EcadTSMod localized prominently to the plasma membrane of MDCK cells and was recruited to cell–cell contacts, similar to the endogenous protein (Fig. 1C); EcadTSMod also labeled some endo-/exocytic vesicles and intracellular compartments, as already shown for E-cadherin-GFP (37). Importantly, EcadTSMod rescued cell–cell adhesion and plasma membrane recruitment of β-catenin and α-catenin in L fibroblasts (Fig. S1A) that normally lack cadherin expression (38). EcadTSModΔcyto, a control construct in which the β-catenin–binding domain was deleted, was also recruited to cell–cell contacts but did not recruit the catenins, as expected (Fig. S1B). Therefore, EcadTSMod recapitulated wild-type E-cadherin association with catenins and cell–cell adhesion function.
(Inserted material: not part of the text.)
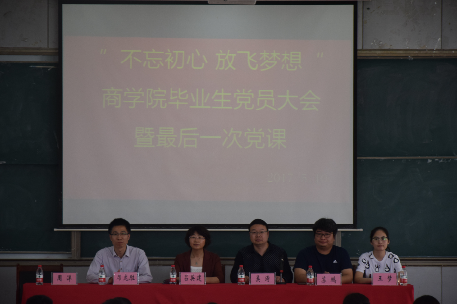 为增强毕业生党员党性意识,做好毕业生党员离校相关工作,5月10日下午,公司党委在7号楼7305教室为毕业生党员上了以“不忘初心,放飞梦想”为主题的最后一次党课。公司党委副书记吕英建、研科办主任席龙胜、团委副书记苏鹏、14级辅导员王梦以及全体毕业生党员参加了会议。会议由公司党委办公室主任吴涛主持。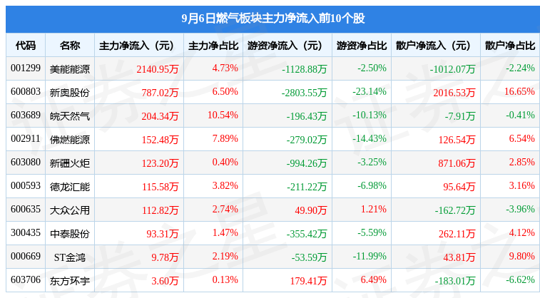 从资金流向上来看,当日燃气板块主力资金净流出3280.53万元,游资资金净流出6295.2万元,散户资金净流入9575.72万元。燃气板块个股资金流向见下表:

Next, we sought to assess whether EcadTSMod was under tension in MDCK cells. The intensities of the signals emitted from the TSMod fluorophores monomeric teal fluorescent protein (mTFP) and Venus were used to compute the FRET index, a measure of TSMod stretching and tension transmitted through the cytoplasmic domain of E-cadherin: the lower the FRET index, the higher the tension (Fig. 1 B and C; and SI Materials and Methods). We calibrated the FRET index to FRET efficiency by measuring the FRET index of the 229aa tumor necrosis factor receptor associated factor flanked with mTFP and Venus (mTFP-TRAF-Venus) and mTFP-5aa-Venus expressed in MDCK cells (Fig. S2 and SI Materials and Methods), two constructs with known FRET efficiencies (39). We used a previously published FRET efficiency–force calibration to infer molecular tension (36).

We measured FRET indices for TSMod (expressed in the cytoplasm), EcadTSMod, and EcadTSModΔcyto at cell–cell contacts and EcadTSMod and EcadTSModΔcyto at the contact-free plasma membrane (Fig. 2A). Within cell–cell contacts, the EcadTSMod FRET index was ∼30%, compared with ∼40% for either EcadTSModΔcyto or cytoplasmic TSMod (Fig. 2B). Therefore, EcadTSMod appeared to be under tension, and this tension required the catenin-binding domain of E-cadherin. Surprisingly, the EcadTSMod FRET index was lower than that of EcadTSModΔcyto at plasma membrane not in contact with other cells (Fig. 2B). Thus, E-cadherin appears to be under constitutive tension at the plasma membrane whether or not it is localized to cell–cell contacts.

Fig. 2.

(A) FRET index measured at cell–cell contacts and at the free membrane of expressing cells revealed that the EcadTSMod is under constitutive tension. (B) FRET index for TSMod in the cytoplasm, EcadTSMod and EcadTSModΔcyto at cell–cell contacts, and EcadTSMod and EcadTSModΔcyto at free membrane in MDCK cells. EcadTSMod had a lower FRET index than either cytoplasmic TSMod or EcadTSModΔcyto regardless of their subcellular localization, indicating that it was under tension. P values are calculated using a two-tailed Mann–Whitney test.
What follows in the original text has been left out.